▶ [Recorded data]:
________________

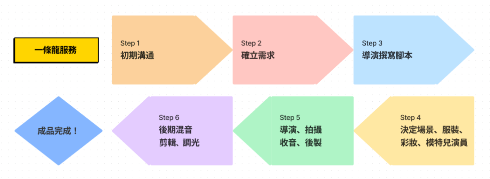 所謂一條龍客製化服務流程指的是:初期溝通–>確立需求–>導演撰寫腳本–>決定場景、服裝、彩妝、模特兒或演員–>導演、收音、後製–>後期混音、剪輯、調光。
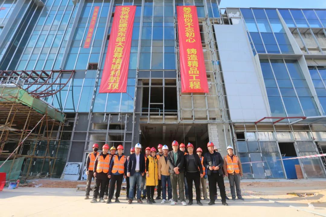 2021年1月16日,美芝股份承接的特區(qū)建發(fā)·東部大廈幕墻正式封頂,項目現場舉行了簡單而熱烈的封頂儀式。此次幕墻的順利封頂,標志著深圳市深汕特別合作區(qū)(以下簡:深汕特別合作區(qū))第一座集總部辦公和商業(yè)商務配套為一體的超高層綜合體建筑外立面形象工程完美收官,刷新了深汕特別合作區(qū)幕墻天際線,為合作區(qū)建設增光添彩。
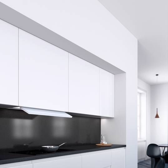- Volledig onzichtbaar te integreren in een ondiepe bovenkast met een inbouwdiepte van slechts 32 cm
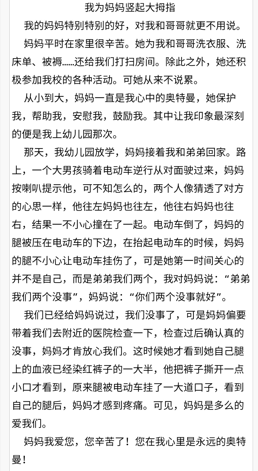 我为妈妈竖起大拇指 热555 类别:写人 发表时间:2019-10-08 21:40 已有 556 次阅读 指导老师:乔丽萍 所属学校:新郑市第二实验小学
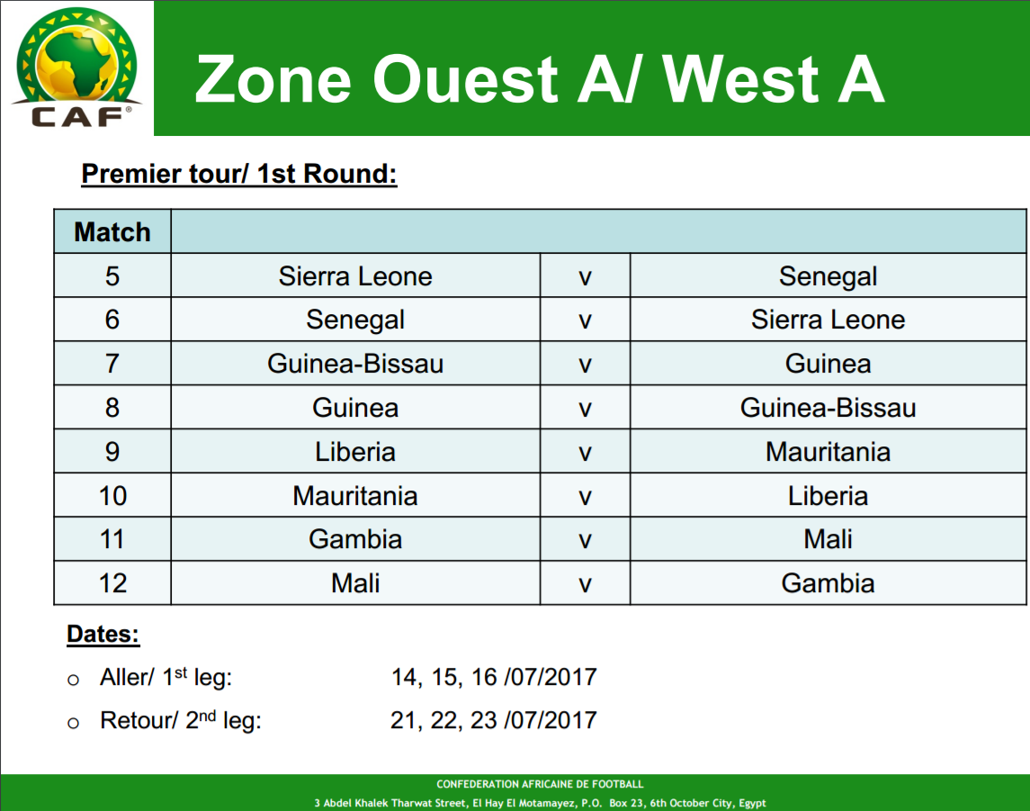Caso a Seleção Nacional apurar para a fase seguinte, terá a frente como adversário, Senegal ou Serra-Leoa que se defrontam na primeira eliminatória.Os jogos da segunda eliminatória estão marcados para o mês de Agosto, sendo a primeira mão a disputar entre 11, 12, 13 de Agosto de 2017 e a segunda mão para numa data a marcar entre 18, 19, e 20 de Agosto do corrente ano.
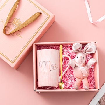 伴手礼套装水杯女创意马克杯卡通杯子家用礼品陶瓷杯咖啡杯礼盒 高款-火烈鸟粉色套装
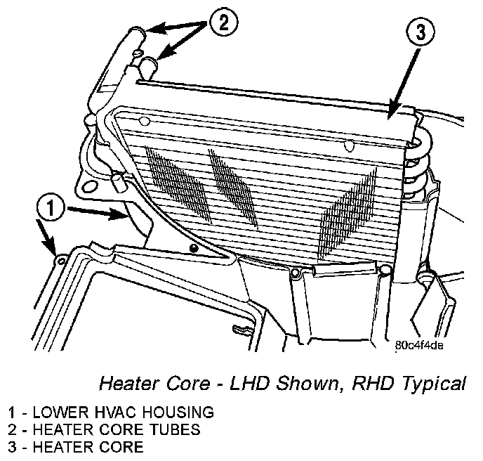 The heater core is located in the HVAC housing, behind the instrument panel. It is a heat exchanger made of rows of tubes and fins. One end of the core is fitted with a molded plastic tank that includes the integral heater core tubes.
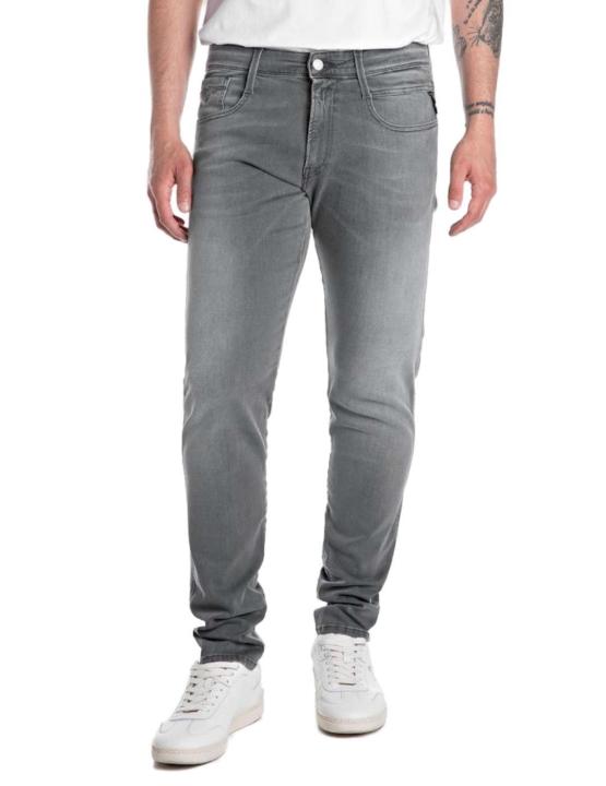Vaquero Replay gris. Tiro medio, cierre de botón y cremallera, cinco bolsillos y trabilla para el cinturón. Parche de branding bordada en parte trasera de la cadera. Corte de la pernera slim.
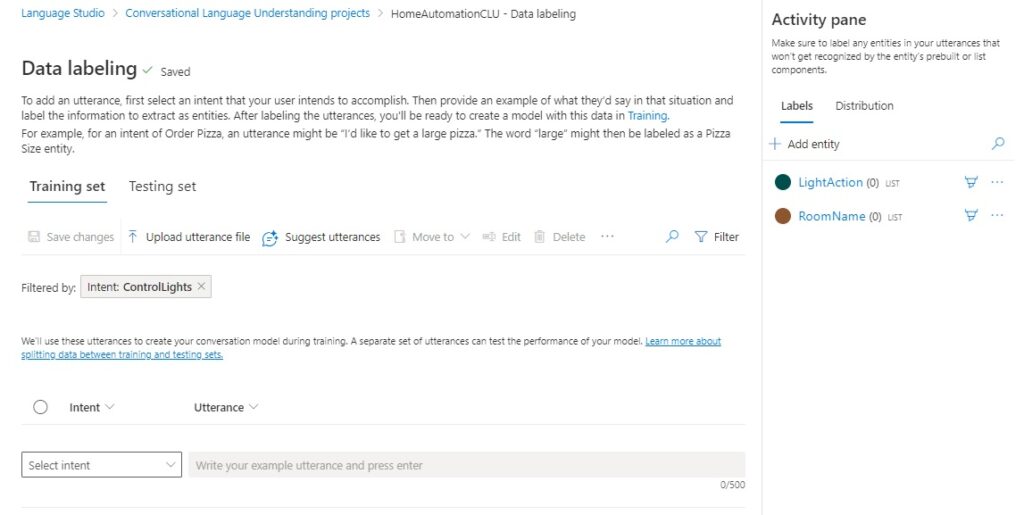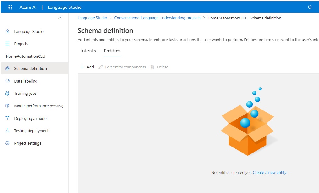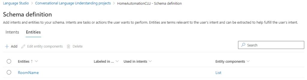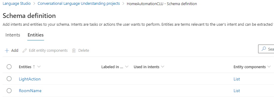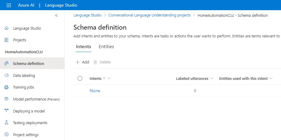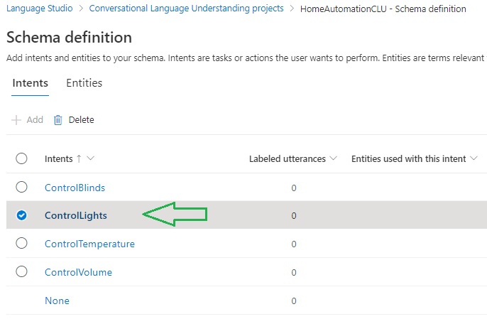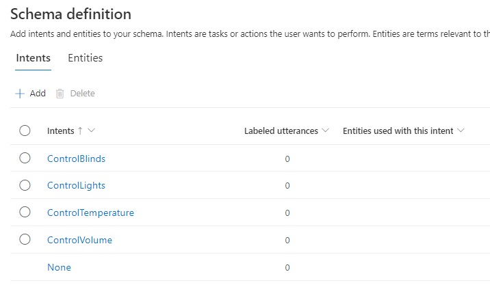 Each intent has no labeled utterances. This is something that we will add a little later. In the next section, I will show how to add Entities to our CLU model.
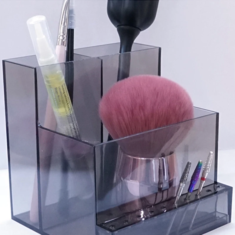 - Le double trou de la rangée la plus haute pour le stockage de la perceuse à ongles plug and pen; La rangée du milieu pour la perceuse à ongles, la rangée la plus basse avec 10 trous pour les forets à ongles. (Ou des pinceaux de maquillage, des sourcils/fard à paupières/crayon eye-liner)
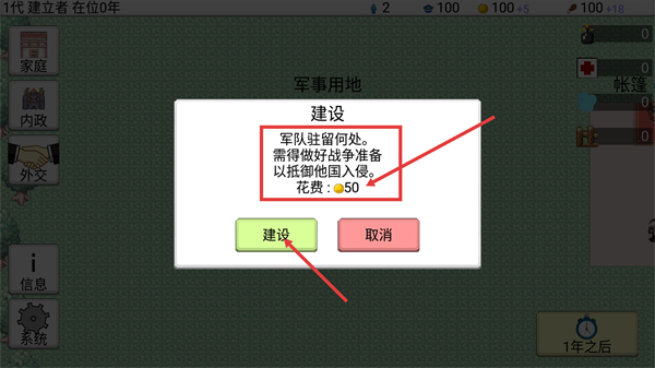 3、解锁【军事用地】后,优先建设【建设处】,花费【50】资源打造军队驻留地,为后续防御做准备。
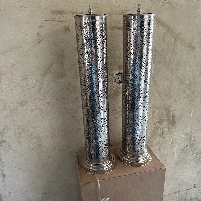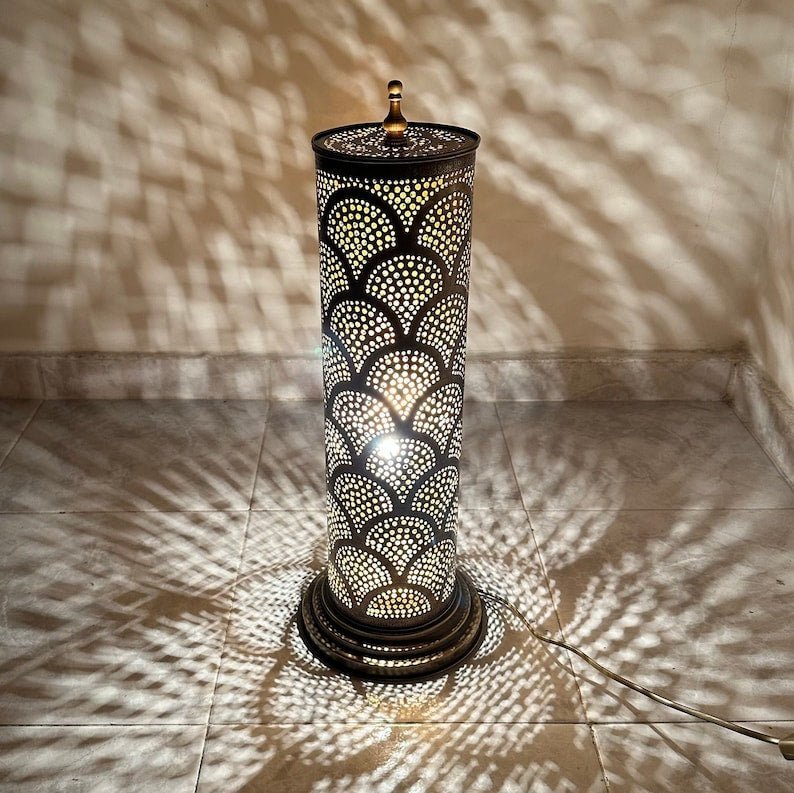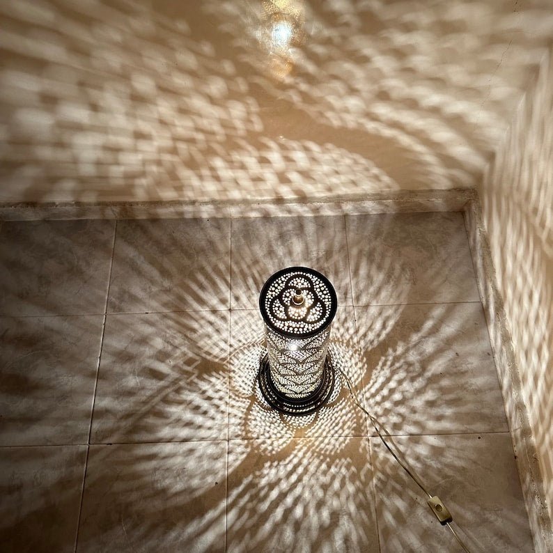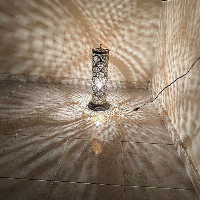 Table and floor lamp producing a great effect in the room when lighting, giving a Moroccan and oriental stye to your interior desing.

________________

▶ [Instructions for the task]: The line containing "3、解锁【军事用地】后,优先" and every line after it, up to the last line of the data, should be returned exactly, without the pictures.

▶ [Response box]:
 3、解锁【军事用地】后,优先建设【建设处】,花费【50】资源打造军队驻留地,为后续防御做准备。
 Table and floor lamp producing a great effect in the room when lighting, giving a Moroccan and oriental stye to your interior desing.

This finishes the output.